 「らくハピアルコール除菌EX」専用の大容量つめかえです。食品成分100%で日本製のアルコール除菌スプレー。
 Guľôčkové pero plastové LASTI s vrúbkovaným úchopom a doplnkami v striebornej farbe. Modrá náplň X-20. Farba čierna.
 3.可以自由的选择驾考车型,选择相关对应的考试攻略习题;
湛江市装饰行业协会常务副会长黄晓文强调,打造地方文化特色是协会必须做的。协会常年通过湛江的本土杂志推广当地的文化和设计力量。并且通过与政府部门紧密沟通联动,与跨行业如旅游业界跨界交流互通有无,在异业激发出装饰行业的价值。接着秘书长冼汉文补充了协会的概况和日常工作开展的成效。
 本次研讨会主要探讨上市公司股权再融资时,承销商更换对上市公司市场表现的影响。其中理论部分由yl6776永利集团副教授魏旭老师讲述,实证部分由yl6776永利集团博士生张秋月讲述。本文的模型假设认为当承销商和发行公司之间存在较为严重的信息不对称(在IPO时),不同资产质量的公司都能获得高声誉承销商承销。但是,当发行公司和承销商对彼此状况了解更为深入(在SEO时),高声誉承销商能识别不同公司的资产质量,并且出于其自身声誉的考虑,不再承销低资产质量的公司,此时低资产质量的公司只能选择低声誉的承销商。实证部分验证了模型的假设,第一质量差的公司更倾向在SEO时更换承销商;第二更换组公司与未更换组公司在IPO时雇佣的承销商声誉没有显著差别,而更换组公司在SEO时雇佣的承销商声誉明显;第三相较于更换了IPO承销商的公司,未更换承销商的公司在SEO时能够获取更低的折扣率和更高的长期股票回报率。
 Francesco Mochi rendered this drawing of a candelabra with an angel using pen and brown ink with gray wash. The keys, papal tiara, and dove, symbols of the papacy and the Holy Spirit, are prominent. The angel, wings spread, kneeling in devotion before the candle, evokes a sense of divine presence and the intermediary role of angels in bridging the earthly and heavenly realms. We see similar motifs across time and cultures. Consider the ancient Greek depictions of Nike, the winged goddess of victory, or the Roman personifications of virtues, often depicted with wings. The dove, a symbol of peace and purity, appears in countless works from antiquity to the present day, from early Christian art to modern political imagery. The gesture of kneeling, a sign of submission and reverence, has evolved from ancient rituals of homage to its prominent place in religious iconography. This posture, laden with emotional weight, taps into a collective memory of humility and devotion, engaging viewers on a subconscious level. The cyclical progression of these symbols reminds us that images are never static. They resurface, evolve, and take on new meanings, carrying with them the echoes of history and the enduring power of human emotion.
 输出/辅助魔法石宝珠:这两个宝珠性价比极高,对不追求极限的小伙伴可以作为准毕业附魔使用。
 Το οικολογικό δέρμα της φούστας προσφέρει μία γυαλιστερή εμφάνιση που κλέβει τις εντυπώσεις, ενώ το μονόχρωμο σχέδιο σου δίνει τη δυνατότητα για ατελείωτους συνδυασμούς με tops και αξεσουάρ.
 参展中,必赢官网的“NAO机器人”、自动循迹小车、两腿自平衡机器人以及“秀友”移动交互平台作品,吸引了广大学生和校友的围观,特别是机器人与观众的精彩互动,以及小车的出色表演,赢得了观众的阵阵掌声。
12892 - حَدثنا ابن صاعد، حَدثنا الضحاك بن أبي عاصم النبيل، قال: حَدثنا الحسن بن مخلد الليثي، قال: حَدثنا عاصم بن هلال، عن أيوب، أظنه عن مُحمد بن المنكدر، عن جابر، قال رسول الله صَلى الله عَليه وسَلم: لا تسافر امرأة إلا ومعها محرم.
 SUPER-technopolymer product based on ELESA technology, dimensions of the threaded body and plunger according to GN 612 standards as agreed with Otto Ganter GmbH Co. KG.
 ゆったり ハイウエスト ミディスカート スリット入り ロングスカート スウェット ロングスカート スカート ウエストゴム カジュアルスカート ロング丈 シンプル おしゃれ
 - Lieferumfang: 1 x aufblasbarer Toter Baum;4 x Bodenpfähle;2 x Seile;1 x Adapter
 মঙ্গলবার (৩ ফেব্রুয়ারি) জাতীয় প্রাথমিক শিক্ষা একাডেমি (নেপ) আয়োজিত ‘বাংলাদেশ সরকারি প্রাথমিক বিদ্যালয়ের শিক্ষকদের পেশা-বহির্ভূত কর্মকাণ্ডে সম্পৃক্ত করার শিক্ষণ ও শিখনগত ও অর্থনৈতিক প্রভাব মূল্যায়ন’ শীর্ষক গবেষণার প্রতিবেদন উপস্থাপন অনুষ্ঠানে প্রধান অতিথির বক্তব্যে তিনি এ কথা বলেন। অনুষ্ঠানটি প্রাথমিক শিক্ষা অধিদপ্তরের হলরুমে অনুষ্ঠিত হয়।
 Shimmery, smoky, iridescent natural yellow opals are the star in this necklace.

# Task instructions:
Please repeat the listing above in full and exactly.

# Solution to the exercise:
 「らくハピアルコール除菌EX」専用の大容量つめかえです。食品成分100%で日本製のアルコール除菌スプレー。
 Guľôčkové pero plastové LASTI s vrúbkovaným úchopom a doplnkami v striebornej farbe. Modrá náplň X-20. Farba čierna.
 3.可以自由的选择驾考车型,选择相关对应的考试攻略习题;
湛江市装饰行业协会常务副会长黄晓文强调,打造地方文化特色是协会必须做的。协会常年通过湛江的本土杂志推广当地的文化和设计力量。并且通过与政府部门紧密沟通联动,与跨行业如旅游业界跨界交流互通有无,在异业激发出装饰行业的价值。接着秘书长冼汉文补充了协会的概况和日常工作开展的成效。
 本次研讨会主要探讨上市公司股权再融资时,承销商更换对上市公司市场表现的影响。其中理论部分由yl6776永利集团副教授魏旭老师讲述,实证部分由yl6776永利集团博士生张秋月讲述。本文的模型假设认为当承销商和发行公司之间存在较为严重的信息不对称(在IPO时),不同资产质量的公司都能获得高声誉承销商承销。但是,当发行公司和承销商对彼此状况了解更为深入(在SEO时),高声誉承销商能识别不同公司的资产质量,并且出于其自身声誉的考虑,不再承销低资产质量的公司,此时低资产质量的公司只能选择低声誉的承销商。实证部分验证了模型的假设,第一质量差的公司更倾向在SEO时更换承销商;第二更换组公司与未更换组公司在IPO时雇佣的承销商声誉没有显著差别,而更换组公司在SEO时雇佣的承销商声誉明显;第三相较于更换了IPO承销商的公司,未更换承销商的公司在SEO时能够获取更低的折扣率和更高的长期股票回报率。
 Francesco Mochi rendered this drawing of a candelabra with an angel using pen and brown ink with gray wash. The keys, papal tiara, and dove, symbols of the papacy and the Holy Spirit, are prominent. The angel, wings spread, kneeling in devotion before the candle, evokes a sense of divine presence and the intermediary role of angels in bridging the earthly and heavenly realms. We see similar motifs across time and cultures. Consider the ancient Greek depictions of Nike, the winged goddess of victory, or the Roman personifications of virtues, often depicted with wings. The dove, a symbol of peace and purity, appears in countless works from antiquity to the present day, from early Christian art to modern political imagery. The gesture of kneeling, a sign of submission and reverence, has evolved from ancient rituals of homage to its prominent place in religious iconography. This posture, laden with emotional weight, taps into a collective memory of humility and devotion, engaging viewers on a subconscious level. The cyclical progression of these symbols reminds us that images are never static. They resurface, evolve, and take on new meanings, carrying with them the echoes of history and the enduring power of human emotion.
 输出/辅助魔法石宝珠:这两个宝珠性价比极高,对不追求极限的小伙伴可以作为准毕业附魔使用。
 Το οικολογικό δέρμα της φούστας προσφέρει μία γυαλιστερή εμφάνιση που κλέβει τις εντυπώσεις, ενώ το μονόχρωμο σχέδιο σου δίνει τη δυνατότητα για ατελείωτους συνδυασμούς με tops και αξεσουάρ.
 参展中,必赢官网的“NAO机器人”、自动循迹小车、两腿自平衡机器人以及“秀友”移动交互平台作品,吸引了广大学生和校友的围观,特别是机器人与观众的精彩互动,以及小车的出色表演,赢得了观众的阵阵掌声。
12892 - حَدثنا ابن صاعد، حَدثنا الضحاك بن أبي عاصم النبيل، قال: حَدثنا الحسن بن مخلد الليثي، قال: حَدثنا عاصم بن هلال، عن أيوب، أظنه عن مُحمد بن المنكدر، عن جابر، قال رسول الله صَلى الله عَليه وسَلم: لا تسافر امرأة إلا ومعها محرم.
 SUPER-technopolymer product based on ELESA technology, dimensions of the threaded body and plunger according to GN 612 standards as agreed with Otto Ganter GmbH Co. KG.
 ゆったり ハイウエスト ミディスカート スリット入り ロングスカート スウェット ロングスカート スカート ウエストゴム カジュアルスカート ロング丈 シンプル おしゃれ
 - Lieferumfang: 1 x aufblasbarer Toter Baum;4 x Bodenpfähle;2 x Seile;1 x Adapter
 মঙ্গলবার (৩ ফেব্রুয়ারি) জাতীয় প্রাথমিক শিক্ষা একাডেমি (নেপ) আয়োজিত ‘বাংলাদেশ সরকারি প্রাথমিক বিদ্যালয়ের শিক্ষকদের পেশা-বহির্ভূত কর্মকাণ্ডে সম্পৃক্ত করার শিক্ষণ ও শিখনগত ও অর্থনৈতিক প্রভাব মূল্যায়ন’ শীর্ষক গবেষণার প্রতিবেদন উপস্থাপন অনুষ্ঠানে প্রধান অতিথির বক্তব্যে তিনি এ কথা বলেন। অনুষ্ঠানটি প্রাথমিক শিক্ষা অধিদপ্তরের হলরুমে অনুষ্ঠিত হয়।
 Shimmery, smoky, iridescent natural yellow opals are the star in this necklace.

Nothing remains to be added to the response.